A helping hand

September 03, 2007

There's little fine print in President Bush's plan to help Americans with subprime mortgage woes. He's offering a way for overextended borrowers to try and meet their rising mortgage payments and avoid foreclosure. It's about time.

After initially shrugging off the potential fallout of the subprime mess, Mr. Bush has realized that keeping more Americans in their homes is good for the economy and that the federal government has a role to play.

At the center of the president's modest package is a proposed change in the Federal Housing Administration's mortgage insurance program that would enable homeowners struggling with the higher costs of adjustable rate mortgages to refinance with federally insured loans. Homeowners who have missed payments are not now eligible for the program. But Mr. Bush would change the rules to allow a homeowner who faltered only after the mortgage jumped to a higher amount to be eligible for the FHA insurance.

The change could help prevent 80,000 homeowners from defaulting and losing their homes. With the slowdown in housing sales, cities don't need a glut of vacant properties blighting neighborhoods.

Across the country, foreclosures are on the rise. Among the reasons: a proliferation of subprime mortgages, which appealed to buyers with minimal or spotty credit histories because they offered low initial rates that ballooned within two years.

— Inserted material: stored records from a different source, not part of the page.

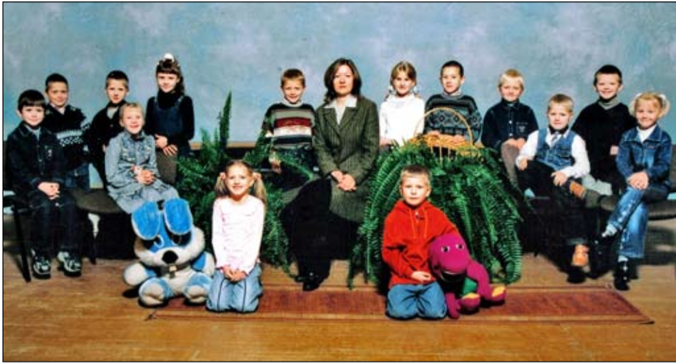
I a klasė 2003- 2004 m. m.
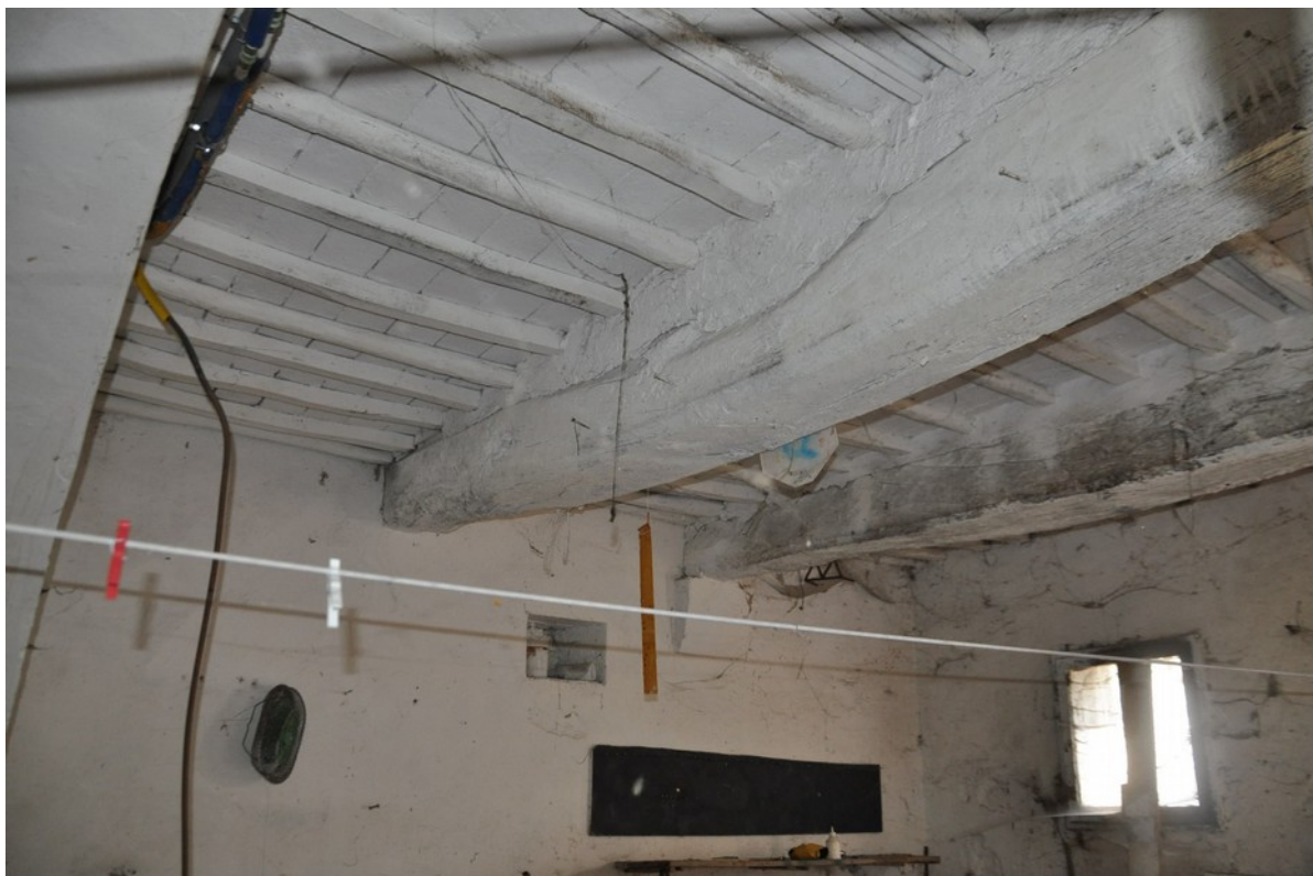
FOTO 10 PIANO TERRA FONDO
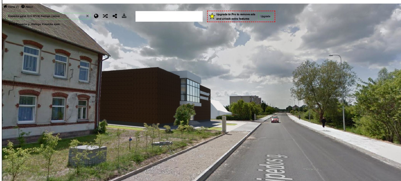
VAIZDAS NUO KLAIPĖDOS GATVĖS PIETŲ KRYPTIMI
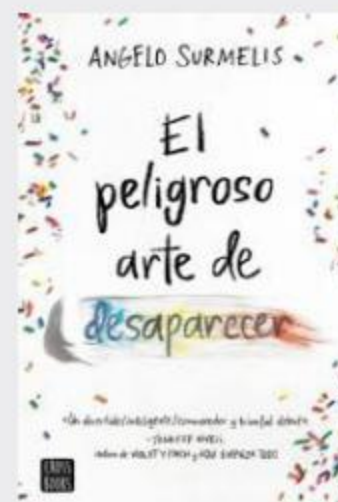
EL PELIGROSO ARTE DE DESAPARECER
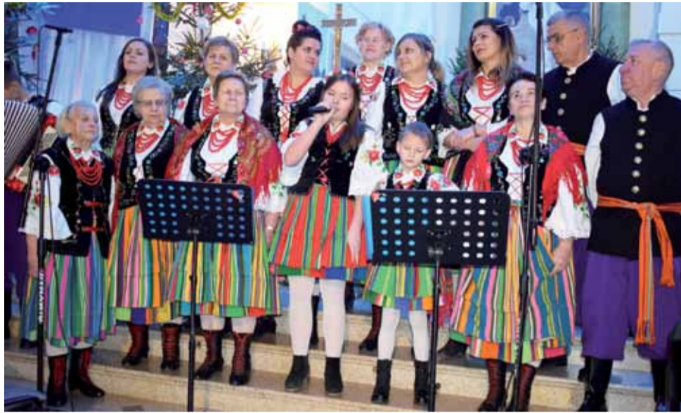
Grzybowianki i Grzybowiaci rozpoczęli koncert od mocnego, ludowego akcentu.
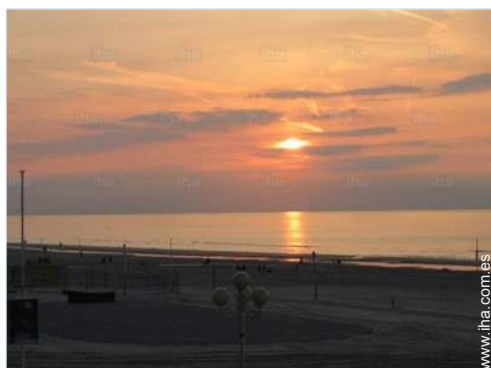
vista sobre la puesta del sol

The subprime mess has reverberated through the economy: Interest rates have risen, some mortgages are harder to get, the stock market fell wildly and the financial markets faced a credit crunch. But just two weeks ago, Mr. Bush took a "not to worry" attitude, suggesting the markets would self-correct and subprime borrowers hadn't read "the fine print" on their loans.

While many homeowners foolishly took on more debt than they could handle, it's also true that lenders, brokers and investors looked to cash in on the housing bubble without seriously considering whether borrowers could repay loans.

Maryland's subprime foreclosure rate has been 2.4 percent, compared with 5.1 percent nationally. But consumer advocates project that as many as 45,000 subprime loans that originated in the state will end up in foreclosure. State officials and legislators have begun reviewing a variety of proposals to provide additional relief to homeowners and better police the industry.

The Bush proposals won't bail anyone out of his or her problems, but they will help thousands of homeowners help themselves. And the president's call to enforce predatory lending laws and strengthen lending practices sends the right message to an industry that needs to re-examine its role in the subprime mortgage debacle.